**Exercise:** From the entries below, reproduce exactly the lines from the one with "9月27日,广东佛山市顺德区" through the one with "A continuación, le", both included, without images.

**Supplied entries:**

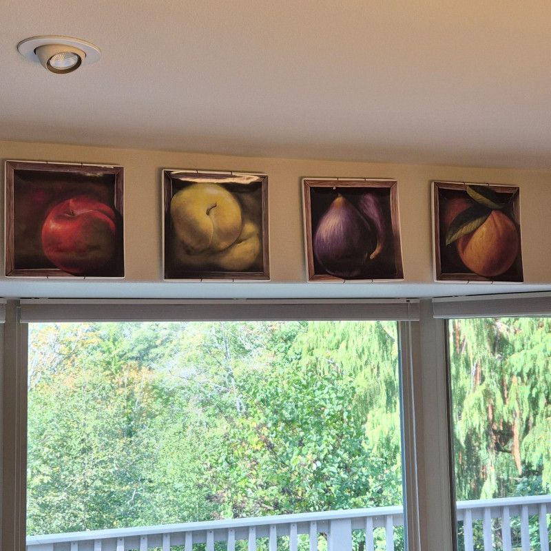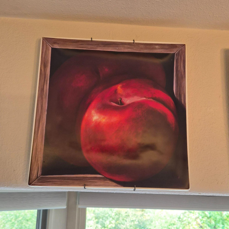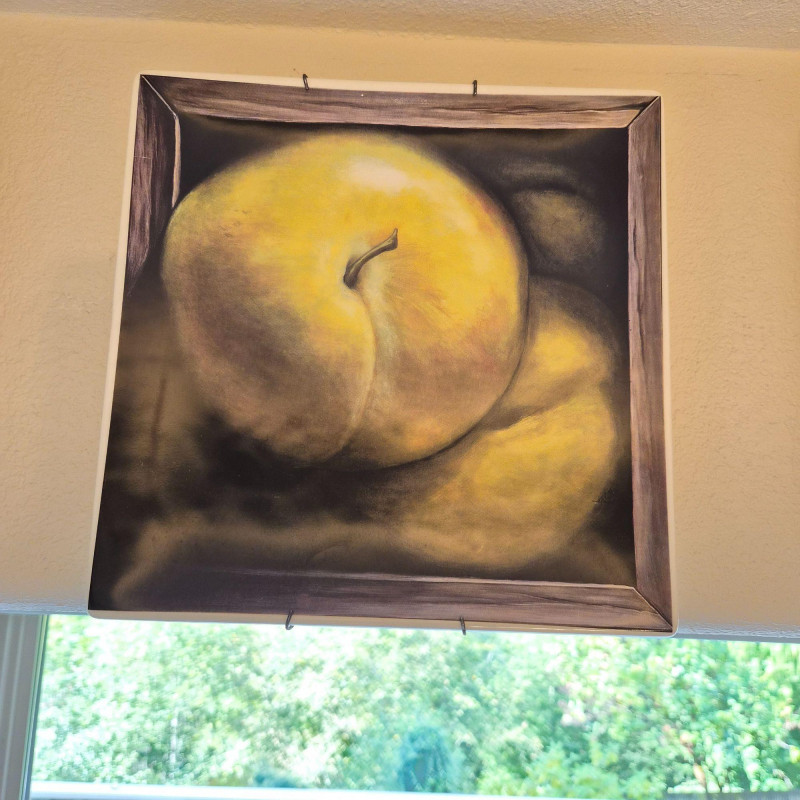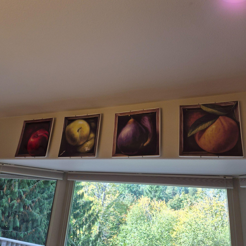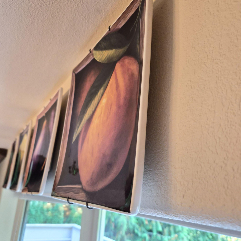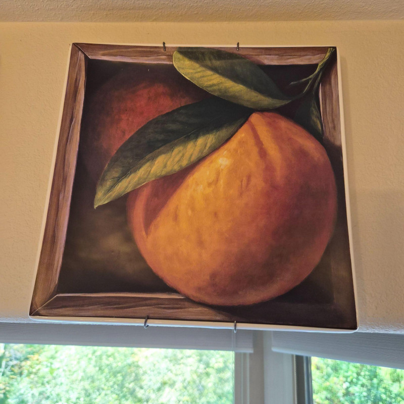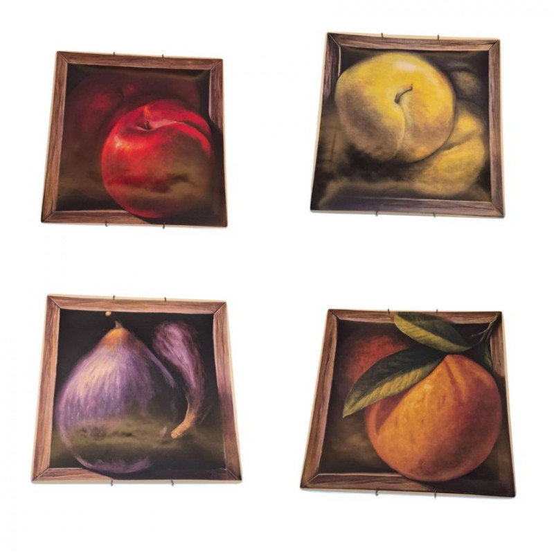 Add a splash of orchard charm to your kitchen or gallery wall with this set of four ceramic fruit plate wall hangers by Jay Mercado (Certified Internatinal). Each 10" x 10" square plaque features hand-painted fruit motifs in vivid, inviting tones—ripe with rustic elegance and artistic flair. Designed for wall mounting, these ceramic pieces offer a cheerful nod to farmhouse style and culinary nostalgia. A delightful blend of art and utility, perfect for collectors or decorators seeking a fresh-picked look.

* * *

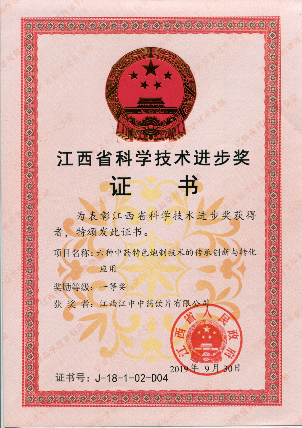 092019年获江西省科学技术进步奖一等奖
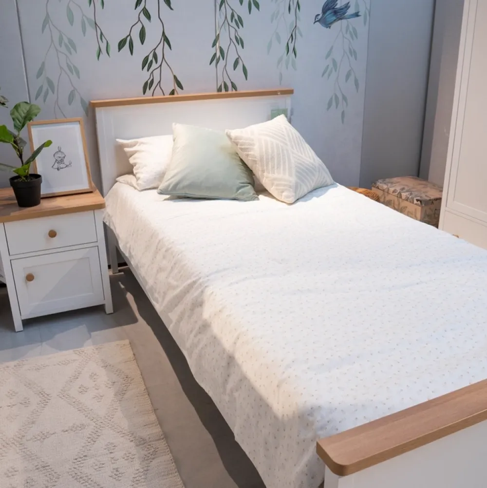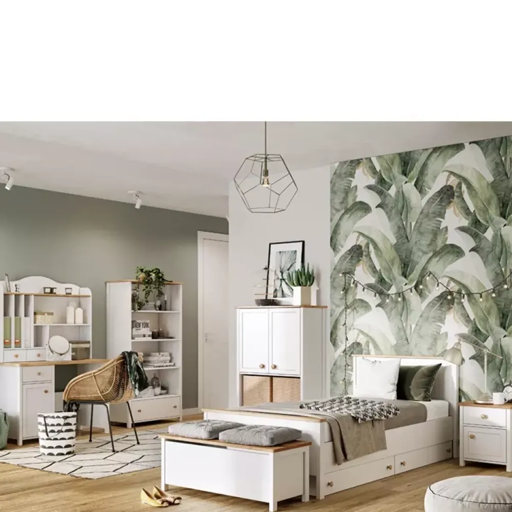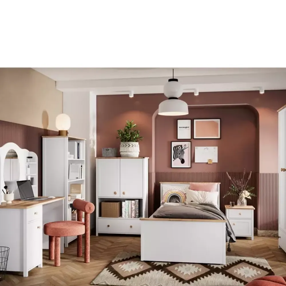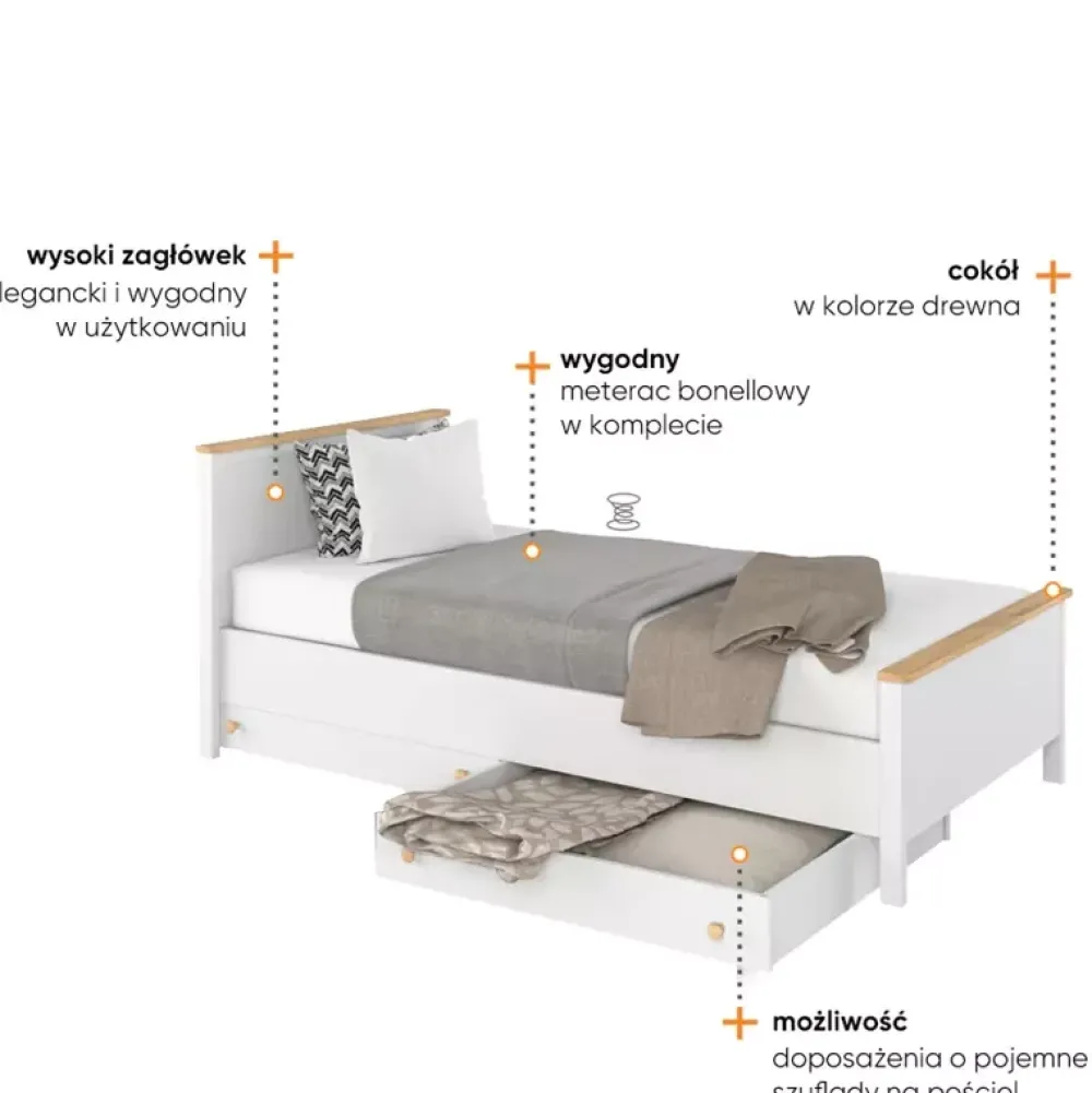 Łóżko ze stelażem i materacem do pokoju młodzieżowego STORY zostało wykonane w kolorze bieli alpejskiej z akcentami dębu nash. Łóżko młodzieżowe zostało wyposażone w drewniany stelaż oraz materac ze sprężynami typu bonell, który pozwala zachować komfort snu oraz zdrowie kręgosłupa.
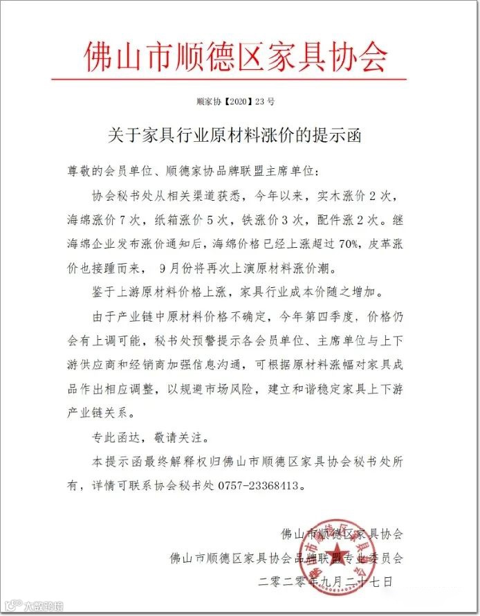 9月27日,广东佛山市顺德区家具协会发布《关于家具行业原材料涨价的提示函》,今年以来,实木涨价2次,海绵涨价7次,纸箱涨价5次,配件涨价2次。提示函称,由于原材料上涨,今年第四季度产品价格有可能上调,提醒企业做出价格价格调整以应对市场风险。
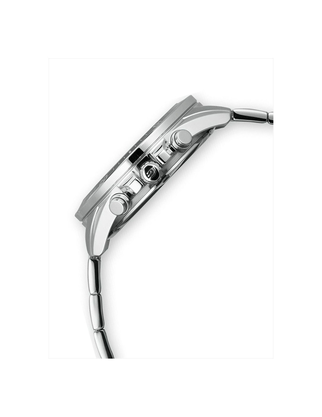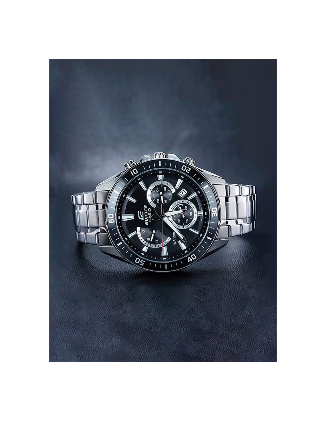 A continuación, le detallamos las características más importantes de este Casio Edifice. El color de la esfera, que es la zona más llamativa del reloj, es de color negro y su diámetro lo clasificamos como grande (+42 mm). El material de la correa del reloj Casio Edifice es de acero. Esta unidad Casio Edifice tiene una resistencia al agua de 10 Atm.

---

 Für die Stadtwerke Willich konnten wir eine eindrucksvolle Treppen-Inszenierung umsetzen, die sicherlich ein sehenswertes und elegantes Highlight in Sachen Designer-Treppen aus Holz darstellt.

**Result below:**
 9月27日,广东佛山市顺德区家具协会发布《关于家具行业原材料涨价的提示函》,今年以来,实木涨价2次,海绵涨价7次,纸箱涨价5次,配件涨价2次。提示函称,由于原材料上涨,今年第四季度产品价格有可能上调,提醒企业做出价格价格调整以应对市场风险。
 A continuación, le detallamos las características más importantes de este Casio Edifice. El color de la esfera, que es la zona más llamativa del reloj, es de color negro y su diámetro lo clasificamos como grande (+42 mm). El material de la correa del reloj Casio Edifice es de acero. Esta unidad Casio Edifice tiene una resistencia al agua de 10 Atm.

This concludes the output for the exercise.